• Assignment: Exact copies of the lines below, from the one with "Æ 使用升降叉,抬高贴片机约 35 cm,以免降低贴片机时,双脚意外受伤。" up to and including the one with "A C ++ routine", are what this calls for; leave out pictures.

+++ Records for this task +++

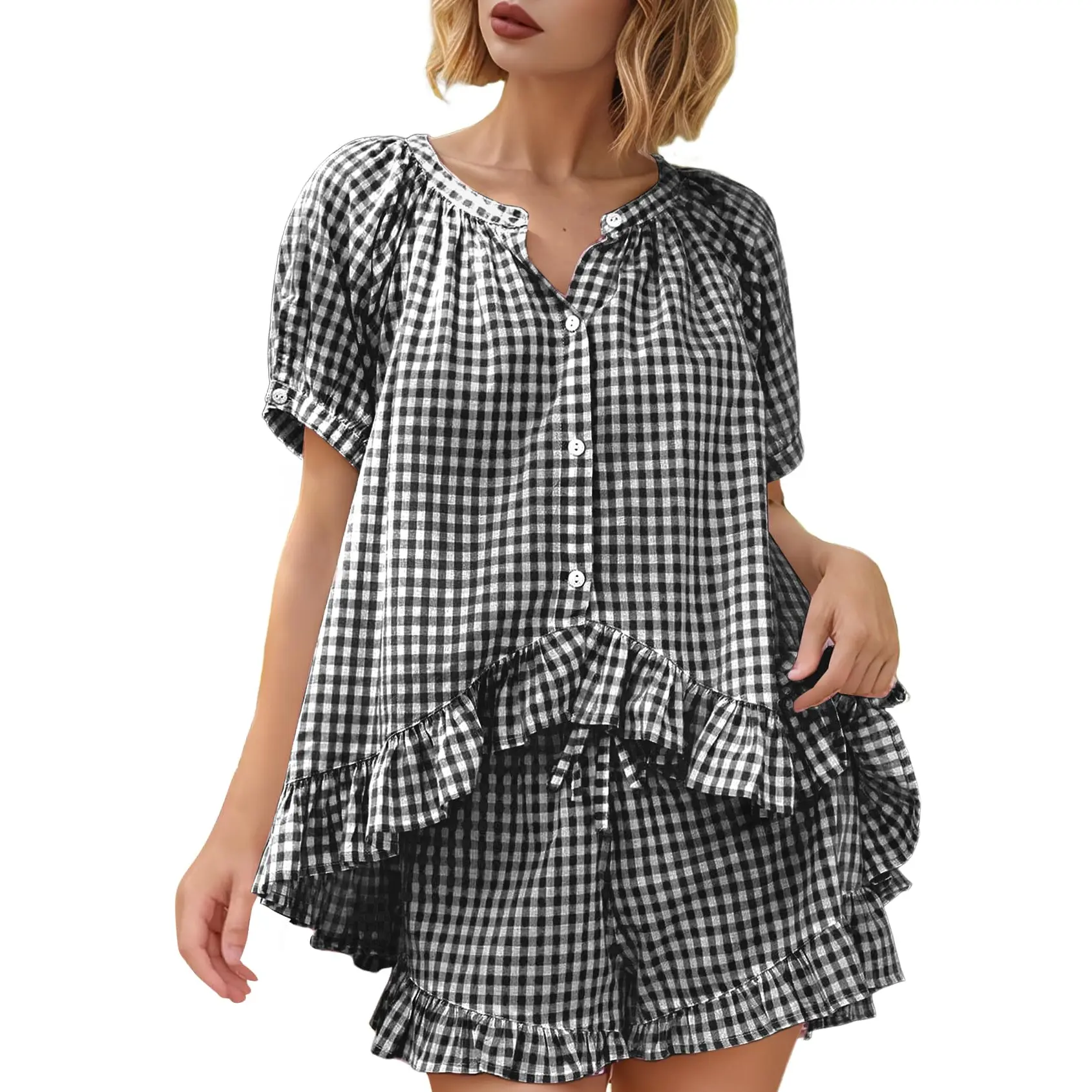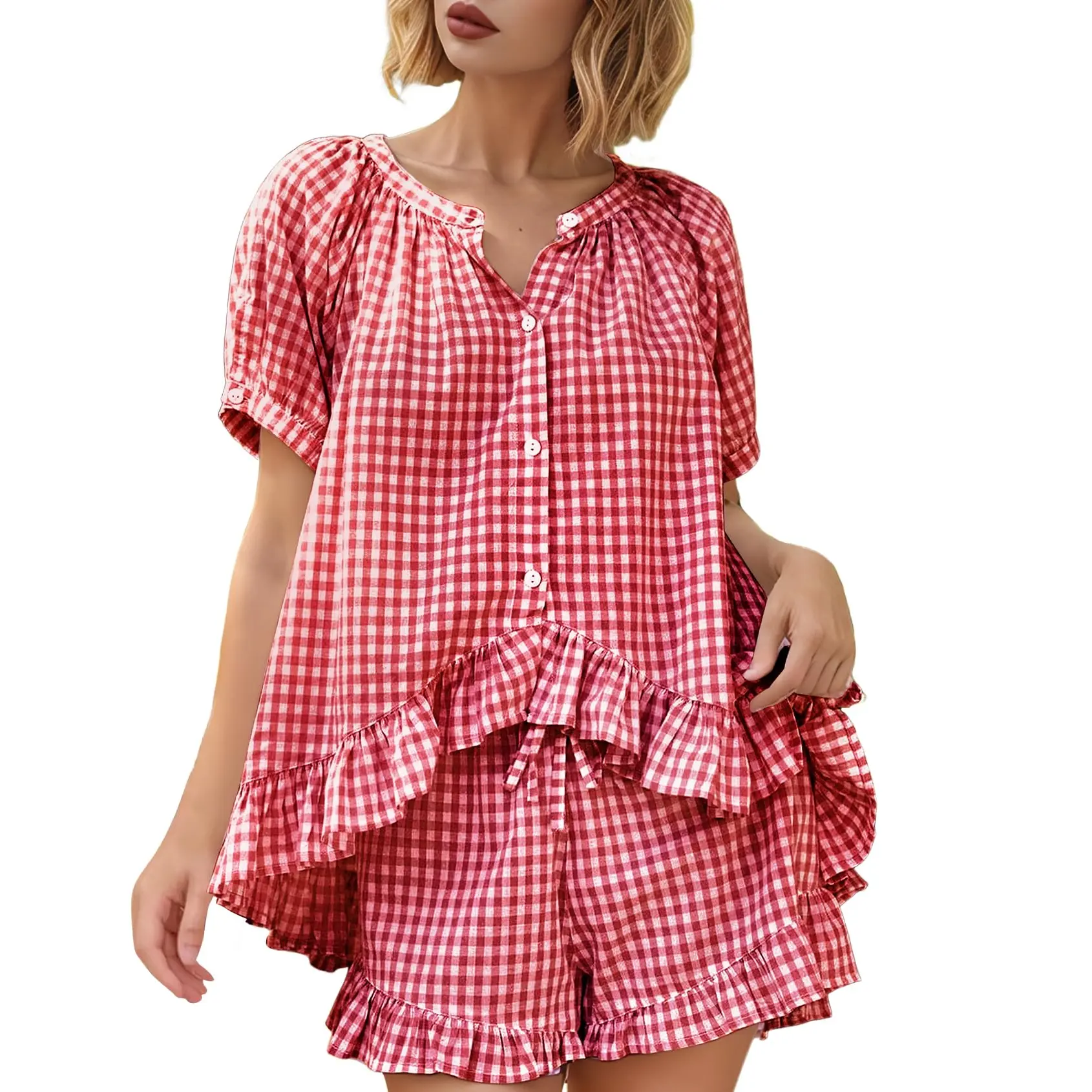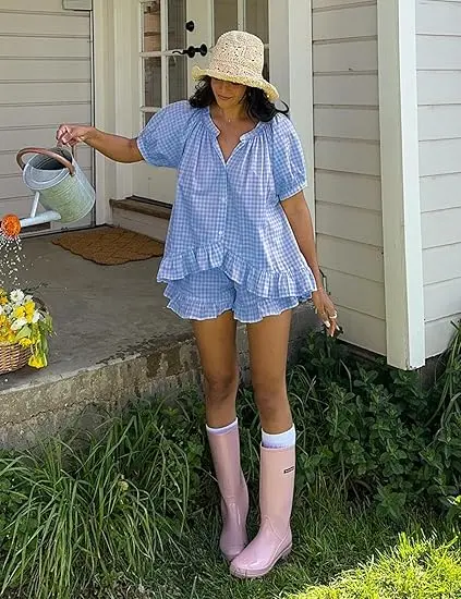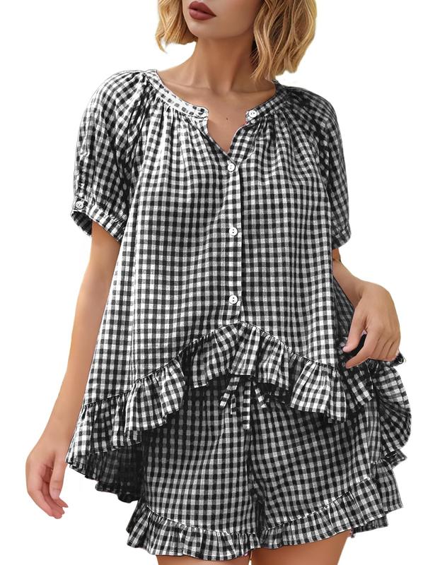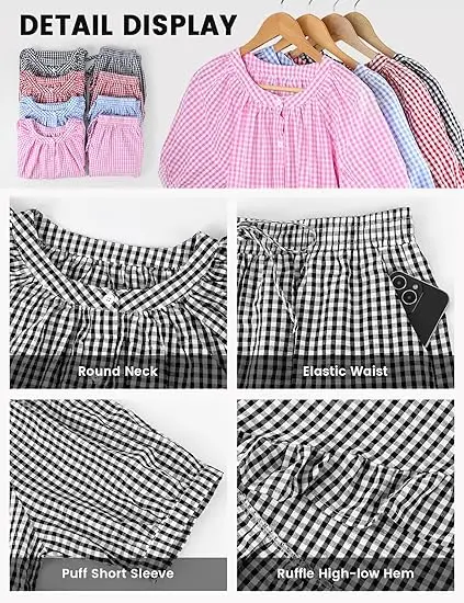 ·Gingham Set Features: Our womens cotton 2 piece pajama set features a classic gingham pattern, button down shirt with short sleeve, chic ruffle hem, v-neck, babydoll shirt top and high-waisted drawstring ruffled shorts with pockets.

+++
+++ Records for this task +++

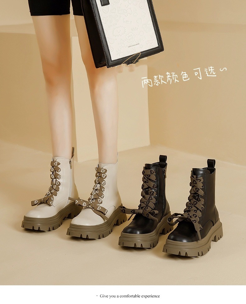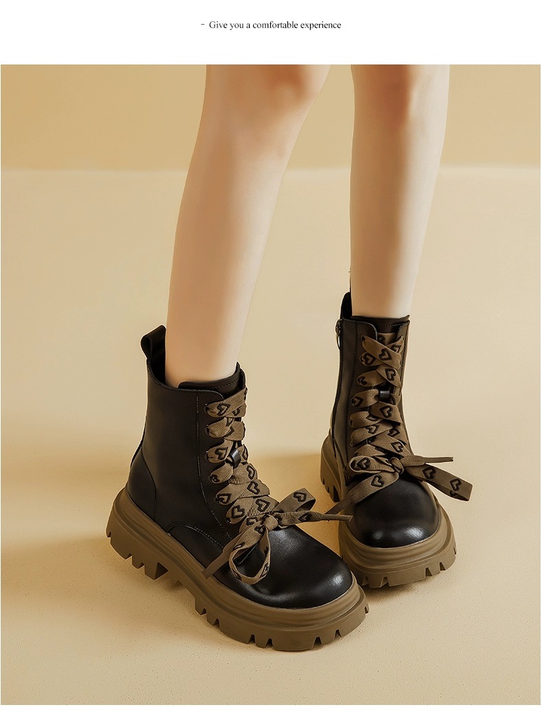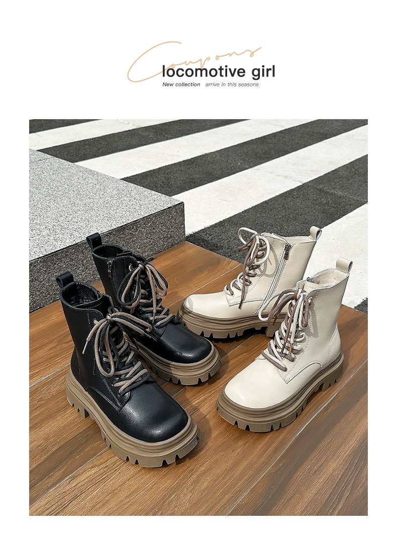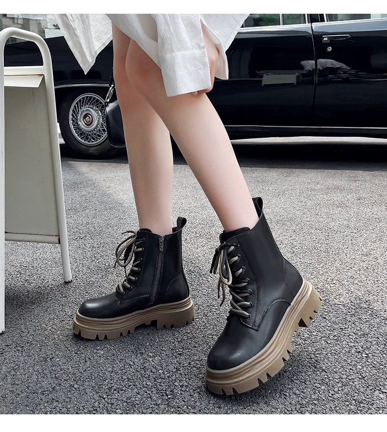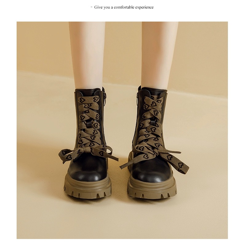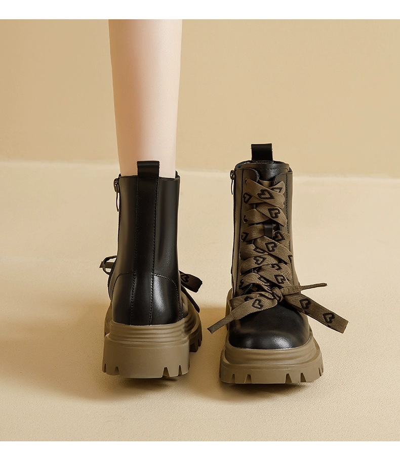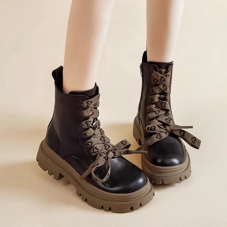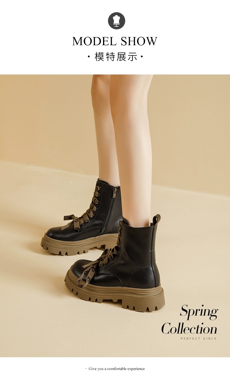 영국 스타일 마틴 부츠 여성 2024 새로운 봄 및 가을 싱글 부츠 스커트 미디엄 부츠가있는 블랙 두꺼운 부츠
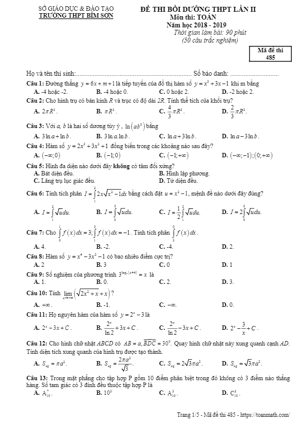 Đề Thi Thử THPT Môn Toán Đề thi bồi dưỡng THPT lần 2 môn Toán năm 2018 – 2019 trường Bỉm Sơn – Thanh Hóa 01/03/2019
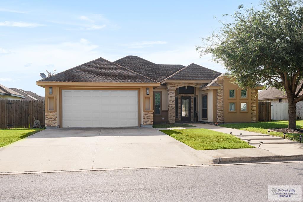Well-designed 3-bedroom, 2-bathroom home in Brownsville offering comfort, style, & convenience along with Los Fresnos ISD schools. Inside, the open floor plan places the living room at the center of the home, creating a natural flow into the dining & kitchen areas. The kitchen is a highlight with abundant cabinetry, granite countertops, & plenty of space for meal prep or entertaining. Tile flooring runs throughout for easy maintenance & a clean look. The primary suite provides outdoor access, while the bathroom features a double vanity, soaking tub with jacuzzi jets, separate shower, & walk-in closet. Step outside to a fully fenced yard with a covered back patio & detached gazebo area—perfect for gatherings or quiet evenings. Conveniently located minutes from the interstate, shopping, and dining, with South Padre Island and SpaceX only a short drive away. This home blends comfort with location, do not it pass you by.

+++
+++ Records for this task +++

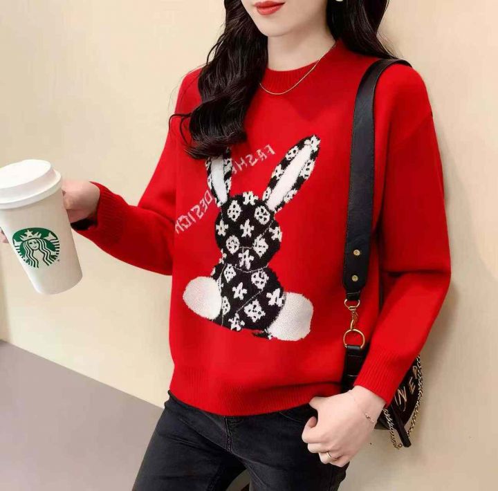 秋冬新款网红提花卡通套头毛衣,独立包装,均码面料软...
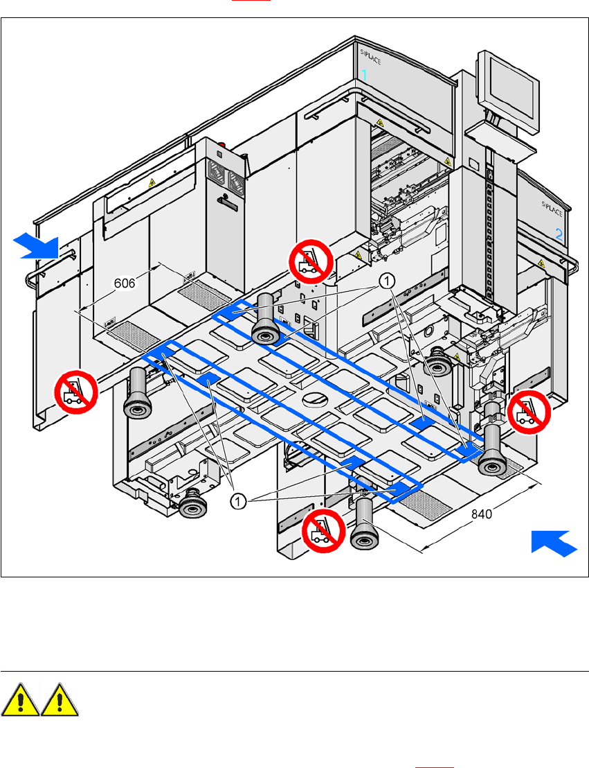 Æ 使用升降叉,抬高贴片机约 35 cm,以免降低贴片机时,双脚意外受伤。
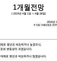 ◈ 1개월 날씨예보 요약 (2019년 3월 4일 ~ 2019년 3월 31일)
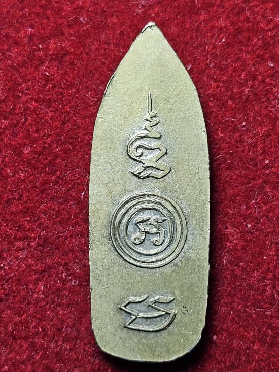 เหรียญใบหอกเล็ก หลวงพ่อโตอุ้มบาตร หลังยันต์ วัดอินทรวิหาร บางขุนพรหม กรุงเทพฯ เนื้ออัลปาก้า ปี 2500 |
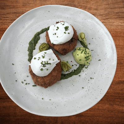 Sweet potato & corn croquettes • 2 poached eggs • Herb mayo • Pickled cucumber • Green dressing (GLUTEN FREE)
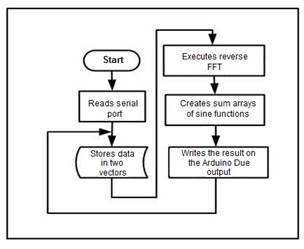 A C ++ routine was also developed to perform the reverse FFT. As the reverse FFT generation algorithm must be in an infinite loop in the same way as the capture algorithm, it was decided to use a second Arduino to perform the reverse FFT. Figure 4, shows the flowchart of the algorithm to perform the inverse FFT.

+++

• Finished exercise:
 Æ 使用升降叉,抬高贴片机约 35 cm,以免降低贴片机时,双脚意外受伤。
 ◈ 1개월 날씨예보 요약 (2019년 3월 4일 ~ 2019년 3월 31일)
 เหรียญใบหอกเล็ก หลวงพ่อโตอุ้มบาตร หลังยันต์ วัดอินทรวิหาร บางขุนพรหม กรุงเทพฯ เนื้ออัลปาก้า ปี 2500 |
 Sweet potato & corn croquettes • 2 poached eggs • Herb mayo • Pickled cucumber • Green dressing (GLUTEN FREE)
 A C ++ routine was also developed to perform the reverse FFT. As the reverse FFT generation algorithm must be in an infinite loop in the same way as the capture algorithm, it was decided to use a second Arduino to perform the reverse FFT. Figure 4, shows the flowchart of the algorithm to perform the inverse FFT.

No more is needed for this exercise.